Dooling was an early adopter, learning how to skate in Seattle. If anyone wants to learn a trick, she can probably show them how. She works remotely for Amazon and moved to L.A. with her partner in 2021 during “peak COVID,” not knowing anyone. Skating was a way to find community.
Huang, a native of Melbourne, Australia, started skating during the pandemic. Some days, her board and her dog were the only things that would get her outdoors and moving.
“We were all kind of depressed from COVID,” she says. “I tried meditation before. That didn’t work for me, but I felt like I could really be in the zone with this.”
At first, Huang just wanted to learn how to skate. Then she got sucked into “the longboard dancing hole of Instagram,” where a 30-second clip can be posted with music. That’s how Huang learned about Brighton and Longboard Dancing Los Angeles.
Says Dooling: “As a woman, skating can feel intimidating and not welcoming.” But during the pandemic, people were connecting through social media, finding their niche.
Longboard dance was featured in a commercial for Facebook Groups during the 2021 Tokyo Summer Olympics, showing skaters of different genders, races and nationalities finding each other online. You could watch reels and think, “I identify, or I see myself, or connect with the people that I’m seeing doing this,” Dooling says.
Goodman, flashing a “rock on” sign with her index and pinky finger, says, “I was like, Tony Hawk!” The women laugh, but Goodman is semi-serious. “Yeah! I was obsessed with him! And now I’m like, I can do some of those tricks!”
The four women jump in and out of conversation, their speech overlapping. Kang is the most reticent, a former dancer attracted to the sport’s grace. Dooling is unassuming yet self-assured, a quietly rebellious “solo sporter” who grew up snowboarding and practicing Tae Kwan Do. Huang, also a snowboarder, sports a sea-green manicure and dark hair balayaged into blonde.
Goodman is animated, her long red hair moving with her as she gesticulates.
“Don’t laugh at me, I’m fulfilling my 12-year-old dreams, OK?” she says.
Goodman first stepped on a skateboard in 2021. Now she’s sponsored, as is Huang.
Goodman does downhill, descending inclines at rapid speed. It’s dangerous; it’s exciting; “it brings up all the emotions,” she says.
The thing that ties together longboarding and longboard dancing is danger, Brighton says. You might miss a step; you might fall; you might get hurt, he says. “And that’s the exciting bit.”
Brighton has ADHD and falls on the autism spectrum, he says. Longboarding attracts a neurodiverse community, says Goodman, who also has ADHD. “It’s, like, seeking that adrenaline,” she says.
On a longboard, Brighton says, he doesn’t have to try to concentrate. It’s built into the movement. If you don’t pay attention, you’re going to get hurt, he says.
“You’re on a board. Your brain now needs to learn not only where the body is, but also where the board is, and how the board is moving with relation to the ground,” he says. Longboarders “jump in and out of two different planes of movement… You need to be able to keep track of those two states.”

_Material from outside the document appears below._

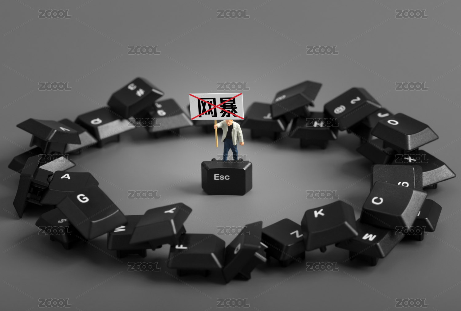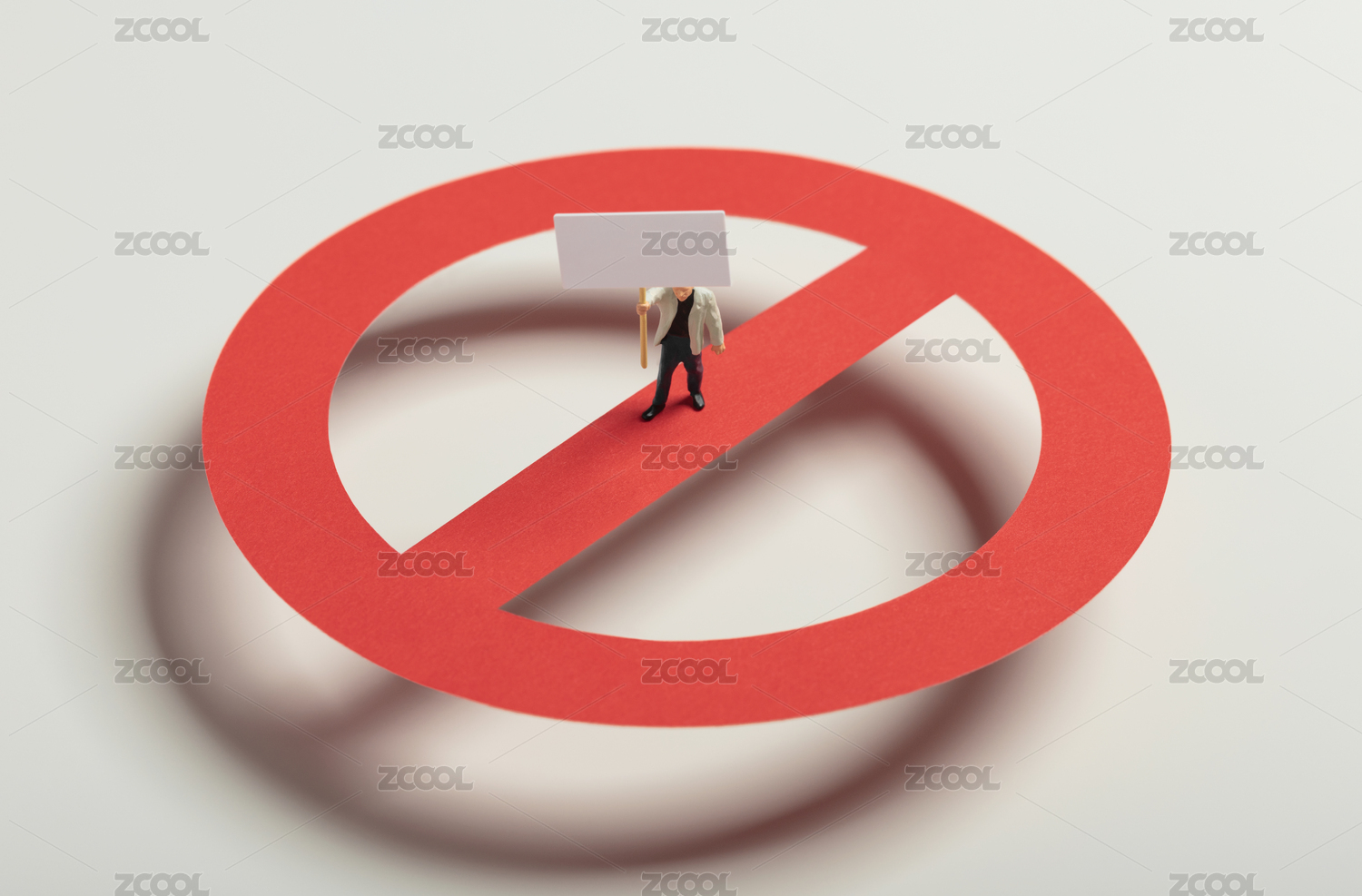 微縮創(chuàng)意站在禁止符號上舉著空白牌子的小人

When one of the women lands a new trick, “we fully celebrate,” Goodman says. They hang out after sessions, walking up to Samosa House on Main St., Jameson’s, or Venice Beach Bar, which you can skate down to.

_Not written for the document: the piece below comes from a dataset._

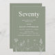 Vuxen på födelsedagsinbjudningar | Wildblomma Blommigt 70:e födelsedagen Den här Eleganten har blommigt för vit färgad boho botaniska vilda blommor Skript Rustic typography on Sage Grönt bakgrund. Anpassa inbjudan med dina detaljer och om du vill ordna om stil och placera texten ytterligare trycker du på knappen "Klicka för att anpassa ytterligare". För fler produkter inom samma tema, besök min butik: Youtopia Officiell.

The sun is lowering on the horizon, which is thick with clouds. The sand has turned gray and damp. Waves and wind have pushed sand onto the boardwalk, where it swirls and drifts in marbled patterns punctuated by footsteps, stroller wheels, and the tire patterns of a bike caravan glowing with LED lights, revolutions of pink and green slowly cycling towards the Ferris wheel.
The women, shivering in ripped jeans, want to make the most of the light that’s left. “We need to move,” Huang says, and, laughing, they glide off into the sunset.